BEGIN Data to process

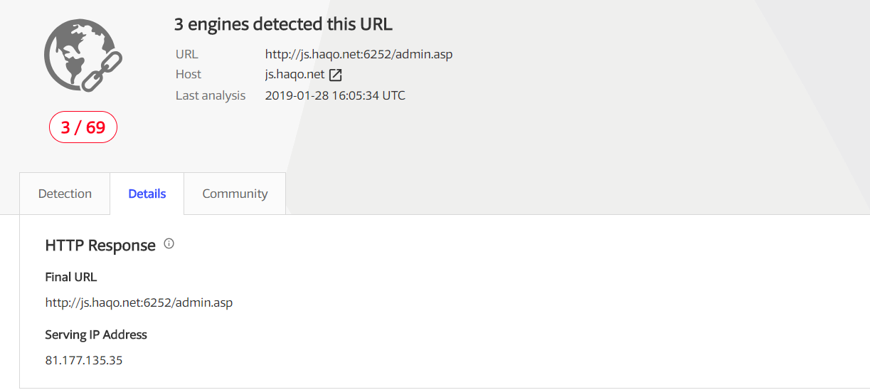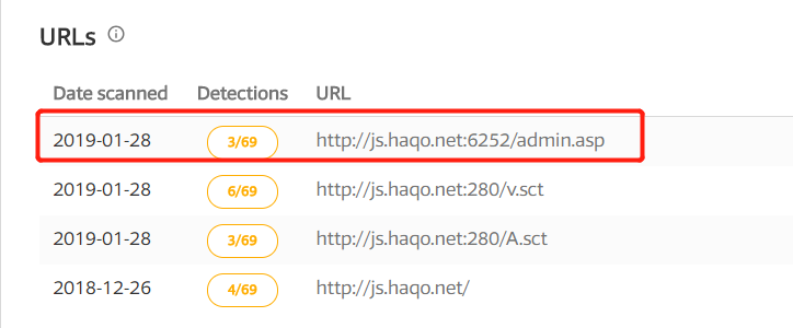 例如随意输入hxxp://js[.]haqo.net:6252/admin.asp,尽管请求没成功什么数据也没有返回,依然有三个引擎产生了告警。而再次搜索js.haqo.net时,关联URL中已然多了一条: hxxp://js[.]haqo.net:6252/admin.asp
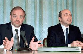 Министры иностранных дел: Великобритании Робин Кук (слева) и России Игорь Иванов (справа) отвечают…
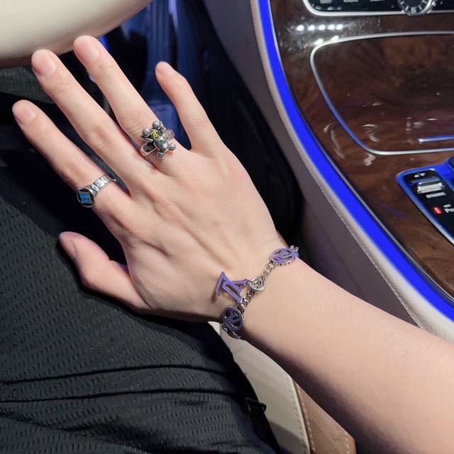 High-quality Lv Louis Vuitton bracelet, original goods, new counter model, retro fashion essential, suitable for both men and women, couples' style, rock punk Thai silver style, retro elements, trendy and versatile, the latest necklace from the official website, the chain is higher grade, celebrity classic necklace series, retro silver bracelet
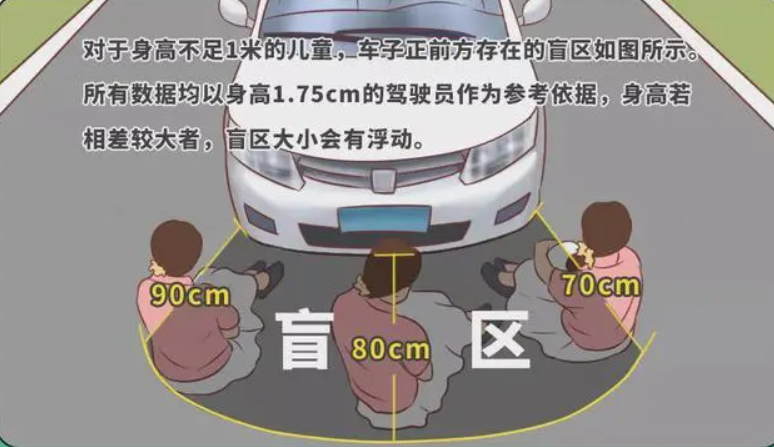 由于SUV车型相较于普通轿车更高,因此其盲区范围也更大。如果儿童进入车辆盲区或蹲在车旁玩耍,很容易引发交通事故。此外,加长、加宽的货车也存在更大的视觉盲区。
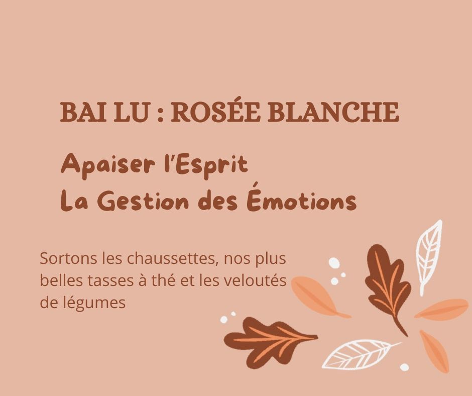 Alors que Bai Lu, la période de la « Rosée Blanche », nous invite à accueillir la fraîcheur naissante et à préparer notre corps pour l’automne, voici le nouveau livret : « Apaiser l’Esprit – Gestion des Émotions à Bai Lu ».

END Data to process

• **Task prompt**
Your copy should restate every record word for word and contain no pictures.

• **Task answer**
 例如随意输入hxxp://js[.]haqo.net:6252/admin.asp,尽管请求没成功什么数据也没有返回,依然有三个引擎产生了告警。而再次搜索js.haqo.net时,关联URL中已然多了一条: hxxp://js[.]haqo.net:6252/admin.asp
 Министры иностранных дел: Великобритании Робин Кук (слева) и России Игорь Иванов (справа) отвечают…
 High-quality Lv Louis Vuitton bracelet, original goods, new counter model, retro fashion essential, suitable for both men and women, couples' style, rock punk Thai silver style, retro elements, trendy and versatile, the latest necklace from the official website, the chain is higher grade, celebrity classic necklace series, retro silver bracelet
 由于SUV车型相较于普通轿车更高,因此其盲区范围也更大。如果儿童进入车辆盲区或蹲在车旁玩耍,很容易引发交通事故。此外,加长、加宽的货车也存在更大的视觉盲区。
 Alors que Bai Lu, la période de la « Rosée Blanche », nous invite à accueillir la fraîcheur naissante et à préparer notre corps pour l’automne, voici le nouveau livret : « Apaiser l’Esprit – Gestion des Émotions à Bai Lu ».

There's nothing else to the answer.